--- Source material ---
=== Section Start ===
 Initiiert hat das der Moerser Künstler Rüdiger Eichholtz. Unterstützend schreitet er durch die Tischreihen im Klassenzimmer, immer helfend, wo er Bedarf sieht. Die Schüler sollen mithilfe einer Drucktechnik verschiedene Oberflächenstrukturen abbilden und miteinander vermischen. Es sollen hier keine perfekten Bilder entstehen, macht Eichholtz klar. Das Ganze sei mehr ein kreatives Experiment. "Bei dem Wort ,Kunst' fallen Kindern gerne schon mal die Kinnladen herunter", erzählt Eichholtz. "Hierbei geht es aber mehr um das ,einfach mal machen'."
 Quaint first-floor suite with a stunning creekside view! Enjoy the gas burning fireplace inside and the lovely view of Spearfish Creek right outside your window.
=== Section End ===
=== Section Start ===
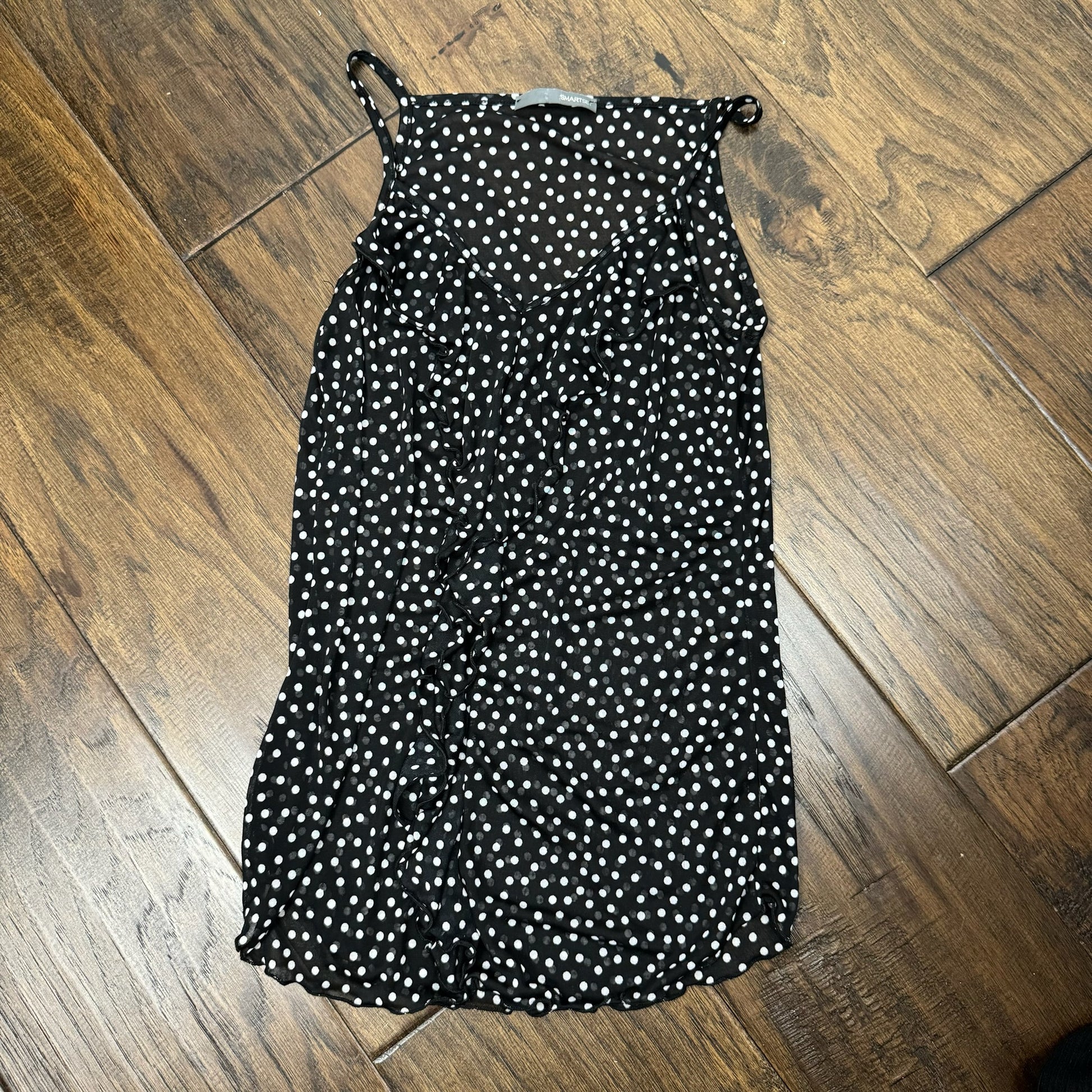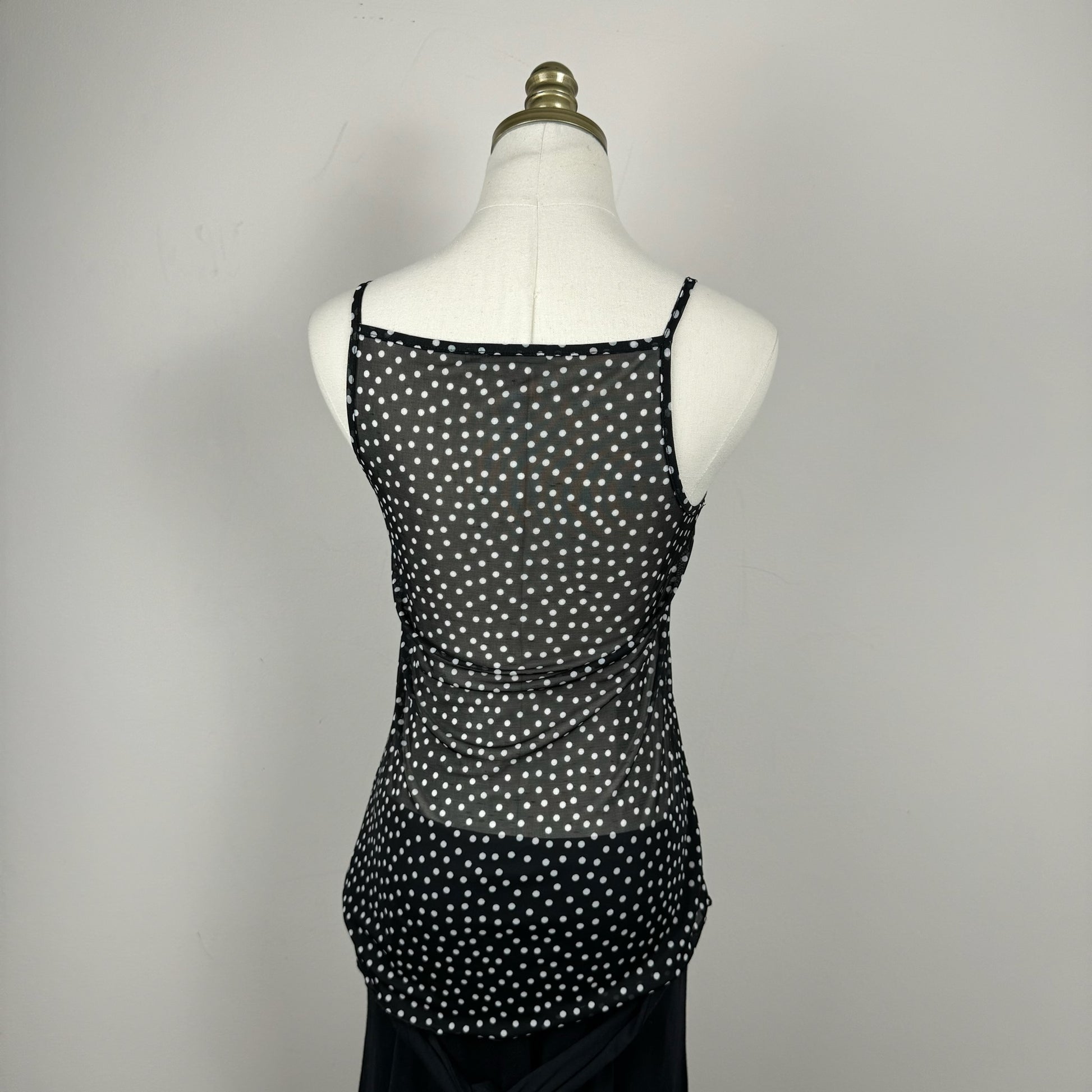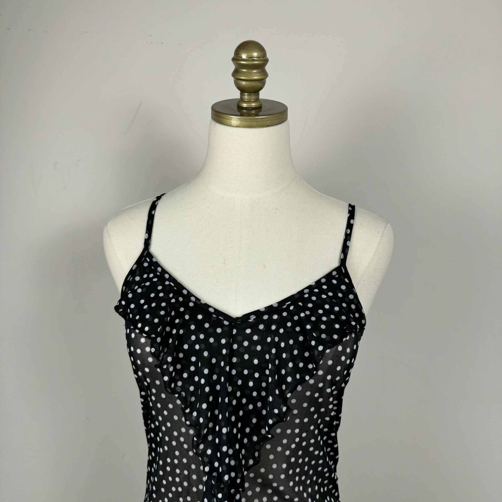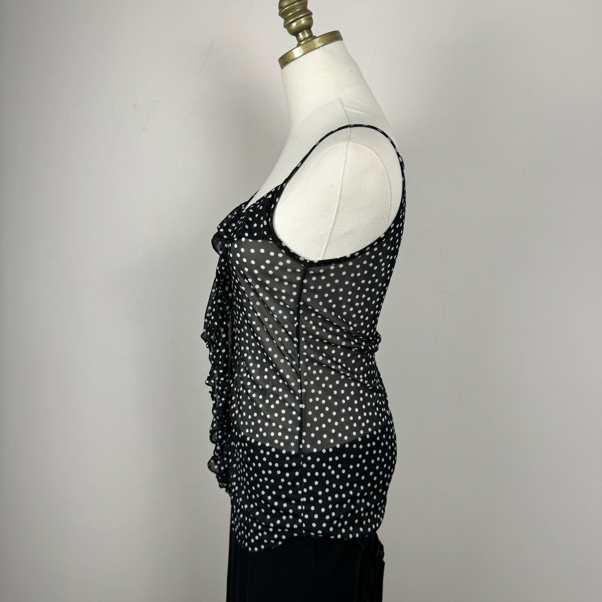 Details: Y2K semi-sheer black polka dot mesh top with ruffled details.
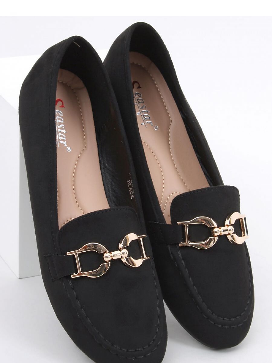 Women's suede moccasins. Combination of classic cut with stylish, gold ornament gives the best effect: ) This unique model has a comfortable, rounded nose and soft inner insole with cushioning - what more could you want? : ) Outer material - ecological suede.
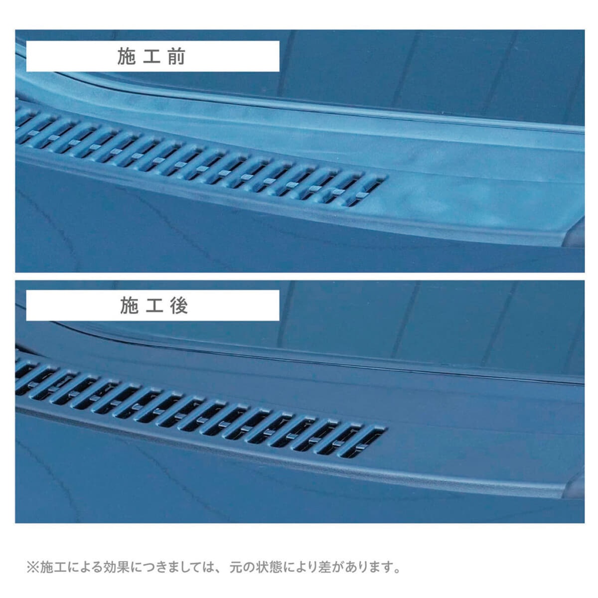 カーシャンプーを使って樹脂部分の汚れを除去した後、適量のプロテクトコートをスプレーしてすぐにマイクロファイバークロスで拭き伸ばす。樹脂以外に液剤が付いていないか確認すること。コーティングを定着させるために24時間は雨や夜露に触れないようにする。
=== Section End ===
=== Section Start ===
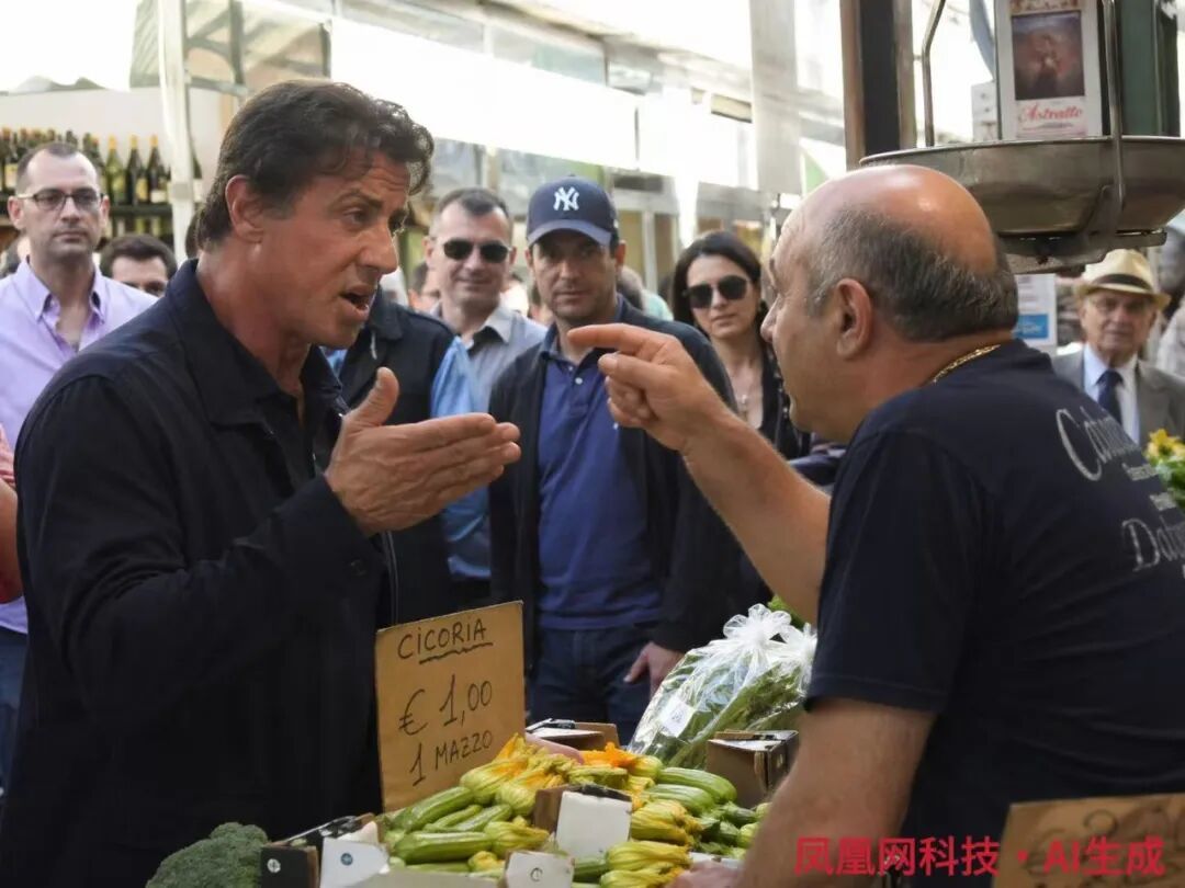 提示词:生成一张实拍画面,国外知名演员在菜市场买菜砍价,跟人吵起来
=== Section End ===
--- What you are asked to do ---
Output the material above exactly, but only from the line that carries "Initiiert hat das" through the line that carries "Quaint first-floor suite".

--- Task result ---
 Initiiert hat das der Moerser Künstler Rüdiger Eichholtz. Unterstützend schreitet er durch die Tischreihen im Klassenzimmer, immer helfend, wo er Bedarf sieht. Die Schüler sollen mithilfe einer Drucktechnik verschiedene Oberflächenstrukturen abbilden und miteinander vermischen. Es sollen hier keine perfekten Bilder entstehen, macht Eichholtz klar. Das Ganze sei mehr ein kreatives Experiment. "Bei dem Wort ,Kunst' fallen Kindern gerne schon mal die Kinnladen herunter", erzählt Eichholtz. "Hierbei geht es aber mehr um das ,einfach mal machen'."
 Quaint first-floor suite with a stunning creekside view! Enjoy the gas burning fireplace inside and the lovely view of Spearfish Creek right outside your window.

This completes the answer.